Книга Воронья дорога, страница 53. Автор книги Иэн Бэнкс

Разделитель для чтения книг в онлайн библиотеке

Онлайн книга «Воронья дорога»

Cтраница 53

«Господи!» – подумал Рори, и его затошнило.

Но отступать было поздно.

На рассказ ушло минут пять. К его завершению Фергюс Эрвилл снова плакал, как дитя. Рори пришлось его утешать. И, сказав уйму самых добрых слов, какие только пришли на ум, он наконец признался – в уплату за доверие, да и самому захотелось исповедаться в свою очередь,– что на его совести пожар, уничтоживший пятнадцать лет назад амбар возле Порт-Энн.

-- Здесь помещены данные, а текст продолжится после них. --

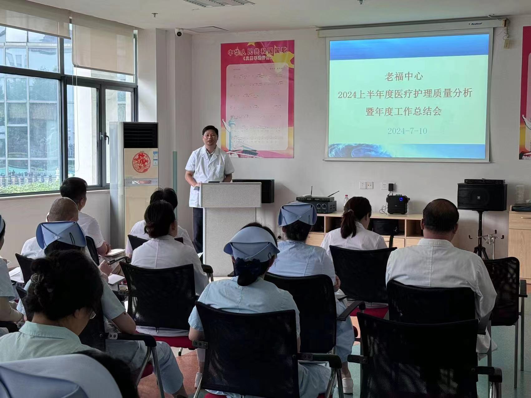 7月10日,老福中心组织开展2024上半年度医疗护理质量分析暨年度工作总结会。本次会议由老福中心负责同志主持,总院惠志华副院长、医康科负责人和护理部负责人莅临现场指导,老福中心全体职工参与会议,大家共同回顾了上半年中心的医疗护理工作,并对医疗护理质量进行了深入分析。

Потом они над всем этим посмеялись, но то был тяжелый смех – растерянный и горький, и ничего им больше не оставалось, как тяпнуть виски и долбануть скрученный Рори косяк. Короче, Рори вздохнул с облегчением, когда Фергюсу круто поплохело и он до половины высунулся в мансардное окноблевать на черепицы и водосточный желоб, пока Рори сбрасывал штукатурку с коек и укладывал оружие в чехол ~ от греха подальше. Проснулись они со свирепым похмельем в изувеченной комнате. Пахло черным порохом и рвотой. У очага валялась крыса – выстрелом ее почти разорвало надвое.

Перед уходом они не прибирались – взяли вещи и ушли. Никто даже словом не обмолвился о том, что было сказано ночью. Сошлись во мнениях: надо возвращаться к благам цивилизации и не мешать виски с марихуаной.

Больше не было таких походов с охотой, рыбалкой или просто стрельбой. Той же зимой Рори перебрался в Лондон.

Там он писал стихи.

Глава 9

Окутанный дождем, сотрясаемый порывами ветра, поезд стоял, дожидаясь разрешения выйти на магистраль. Не зная, чем еще заняться, я смотрел, как холодный ветер прижимает к земле грязную жесткую траву на пустоши возле Спрингберна. По пустоши топал человек, перед ним семенила дворняжка. Через прямоугольное поле тянулись две тропинки, образуя четкий андреевский крест из примятой травы. Пес остановился, унюхав что-то в бурьяне, задрал ножку, помочился. Шедший за ним человек был одет в дешевые джинсы и полупальто, руки он глубоко засунул в карманы. Бредя за собакой, время от времени давал ей пинка – от этого бедолага припускала, увеличивая дистанцию между собой и хозяином. Но через секунды бег вприпрыжку сменялся беспечной трусцой.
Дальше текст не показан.